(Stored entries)

━━━━━━

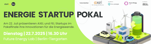 Der Energie Startup Pokal ist ein jährlich stattfindender Wettbewerb unseres Accelerators AXEL. Mit diesem wird eine große Aufmerksamkeit auf innovative Energietechnologien gelenkt. Der Ablauf ähnelt dem eines sportlichen Turniers.
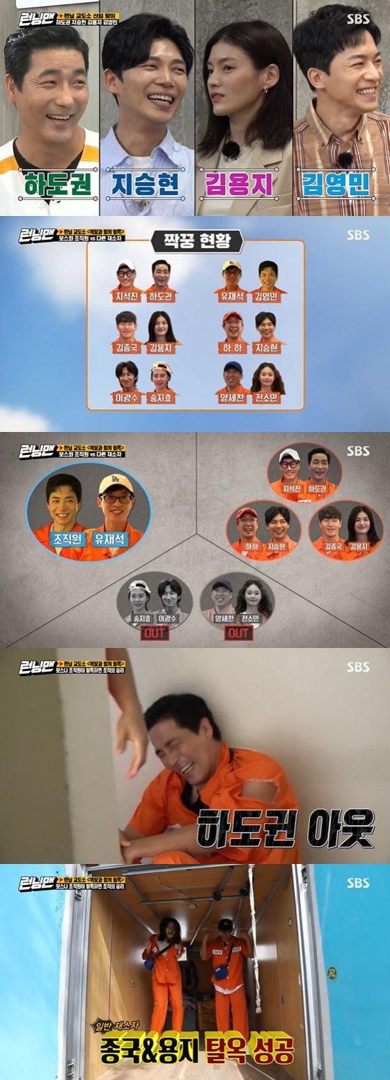 9일 오후 방송된 SBS 예능프로그램 '런닝맨'에서는 '탈옥 레이스' 편으로 배우 김영민, 하도권, 지승현, 김용지가 등장해, 서로의 짝꿍을 찾아 탈옥하려는 멤버들의 두뇌싸움이 그려졌다.
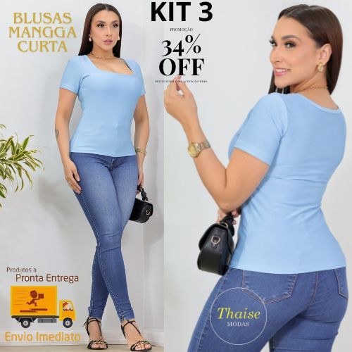 kit 3 Blusa Feminina Mnaga Curta Gola Quadrada Moda Casual 2025
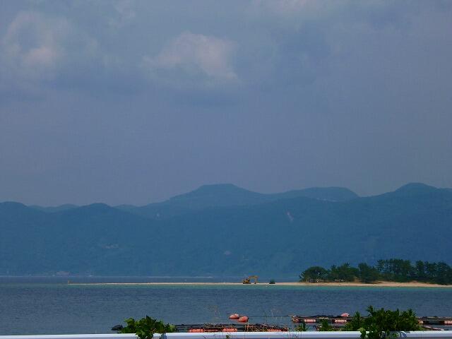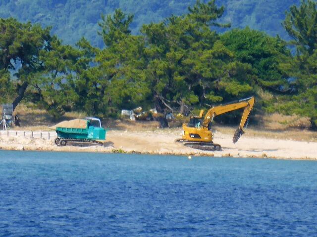 夏に向けて、海水浴場の準備が進んでいます。これは、学校から写した水島の一部。砂浜の整備が今週から始まりました。
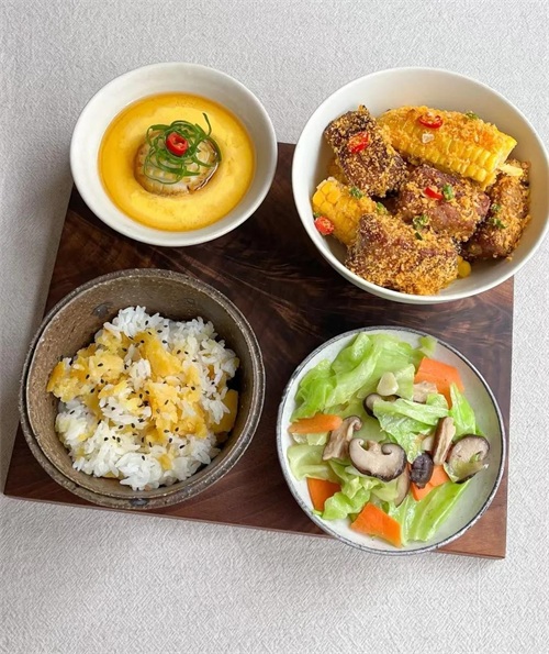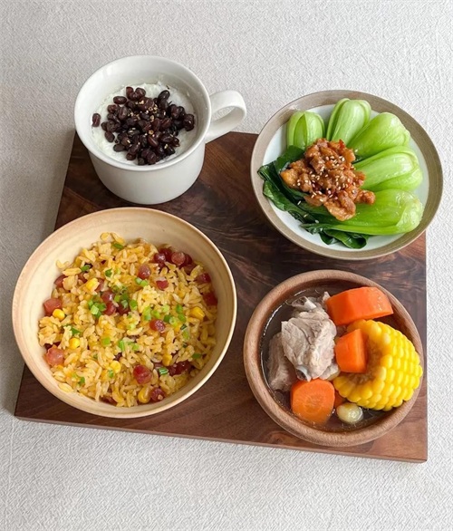 *腊肠鸡蛋炒饭,瘦肉炒青菜,玉米胡萝卜猪骨汤*

━━━━━━

Without carrying over any picture, write out the entries above once more, exactly.

Completed task -
 Der Energie Startup Pokal ist ein jährlich stattfindender Wettbewerb unseres Accelerators AXEL. Mit diesem wird eine große Aufmerksamkeit auf innovative Energietechnologien gelenkt. Der Ablauf ähnelt dem eines sportlichen Turniers.
 9일 오후 방송된 SBS 예능프로그램 '런닝맨'에서는 '탈옥 레이스' 편으로 배우 김영민, 하도권, 지승현, 김용지가 등장해, 서로의 짝꿍을 찾아 탈옥하려는 멤버들의 두뇌싸움이 그려졌다.
 kit 3 Blusa Feminina Mnaga Curta Gola Quadrada Moda Casual 2025
 夏に向けて、海水浴場の準備が進んでいます。これは、学校から写した水島の一部。砂浜の整備が今週から始まりました。
 *腊肠鸡蛋炒饭,瘦肉炒青菜,玉米胡萝卜猪骨汤*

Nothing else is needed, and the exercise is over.